Plenel, le scandale, et l'oasis

Daniel Schneidermann - - Investigations - Le matinaute - 145 commentaires

Attention, ça va être dialectique. Ce mercredi soir, sur le plateau de Mediapart, Mediapart s'explique, après la vague de fureur provoquée chez certains de ses abonnés par ses révélations dont la "relation extra-professionnelle" entre Jean-Luc Mélenchon et Sophia Chikirou. Ils sont cinq journalistes du site, animateur compris, autour d'Edwy Plenel -l'investigateur en chef Fabrice Arfi est absent "en raison d'un engagement de longue date". Sans difficulté, on évacue quelques accusations mélenchoniennes secondaires (Mediapart achète-t-il ses scoops ? Non. Est-il une "officine" ? Non. Publie-t-il des informations d'intérêt public ? Oui, oui, oui, trois fois oui.)

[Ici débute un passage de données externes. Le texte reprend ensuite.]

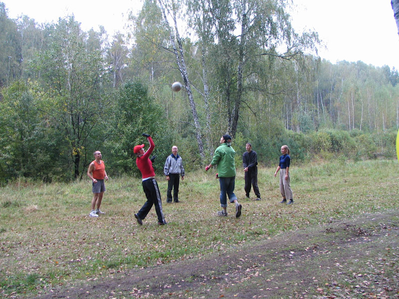 Сразу же нашлись любители волейбола и долгое время (почти до самого вечера) их можно было увидеть только на поляне с мячом. Да. я сам там был. Даже штаны порвал от усердия :)
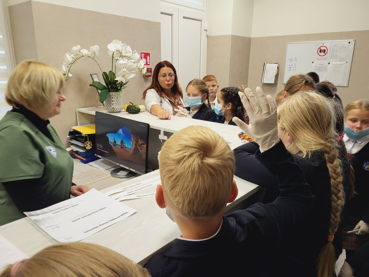 Po šilto bendravimo vaikai leidosi į pažintinę kelionę po centrą: aplankė priėmimo ir konsultacijų skyrių, vaistų ruošimo bei maisto skirstymo patalpas, sporto salę, susipažino su centro darbuotojais – socialine darbuotoja Vitalija Bertuliene, vyresniuoju slaugytoju Gintaru Buividu, kineziterapeutėmis Lina Grakauskiene, Sandra Kardašiene, Indre Ivanauskiene bei bendrosios praktikos slaugytoju Margiriu Smirnovu. Trečiokai uždavinėjo klausimus ir sužinojo, kokia svarbi yra slaugytojo, kineziterapeuto ir socialinio darbuotojo profesija visuomenei.

Mais le gros morceau, celui qui ne passe décidément pas, c'est le traitement par le site de cette enquête préliminaire (préliminaire, c'est à dire dirigée par un procureur dépendant du gouvernement) sur la campagne de la France Insoumise. Tout en dénonçant depuis toujours la sujétion des procureurs au gouvernement, tout en appelant depuis toujours à leur émancipation, Mediapart peut-il se gorger sans distance des révélations nées d'une telle enquête, soupçonnable par définition d'être une manip gouvernementale ? Rappelons par exemple les mots très justes et particulièrement définitifs de Arfi lui-même, pas plus tard que le mois dernier, alors qu'on apprenait que les candidats procureurs de Paris passaient des oraux à Matignon et à l'Elysée.

Voici donc Plenel dans la tenaille. Comment va-t-il s'en sortir ? Vive la dialectique ! Plenel, à propos de l'enquête Mélenchon, dirigée par le procureur : "C'est un scandale. Le parquet fait une faute démocratique en n'ouvrant pas d'information" (confiée à des juges indépendants, NDR). Soit. Mais attention, voici le twist. A l'intérieur de ce cadre procédural "scandaleux", existe donc, dans la doctrine Plenel, une oasis insoupçonnée de technique pure, d'application vertueuse des grands principes : les policiers de l'office anti-corruption. Plenel : "Nous les connaissons, les policiers de l'office anti-corruption. C'est des policiers républicains, qui essaient d'être au service du bien commun. Et nous les retrouvons dans toutes nos enquêtes sur l'évasion fiscale, sur tous les dossiers de corruption que vous pouvez trouver sur Mediapart".

L'effort d'explication est, comme d'habitude, louable, et différencie bien la nouvelle presse indépendante de l'ancienne presse, mais Mediapart reste pris dans une contradiction fondamentale : comment critiquer le cadre légal soupçonnogène dans lequel travaillent ses sources policières, en continuant de valoriser suffisamment ces sources, pour qu'elles restent des sources ? Et finalement, si un cadre malsain n'interdit nullement des enquêtes aussi saines que l'enquête Mélenchon, pourquoi s'épuiser à casser ce cadre ?

Coïncidence éclairante, le même jour,Le Monde s'est procuré des PV d'audition d'Alexandre Benalla. Outre qu'on y apprend que l'Elysée serait capable d'effacer des SMS à distance, on y rappelle l'épisode de la perquisition en gants blancs chez Benalla, et du refus du parquet de Paris d'enquêter sur la disparition du coffre-fort-armurerie de Benalla. Oui, le même parquet de Paris. D'ailleurs, tiens, une remarque incidente. Vous avez remarqué ? Quand il s'agit de glorifier son indépendance, on dit "François Molins". Quand on parle de sa sujétion au gouvernement, on dit "le parquet de Paris". C'est une bizarrerie parmi d'autres.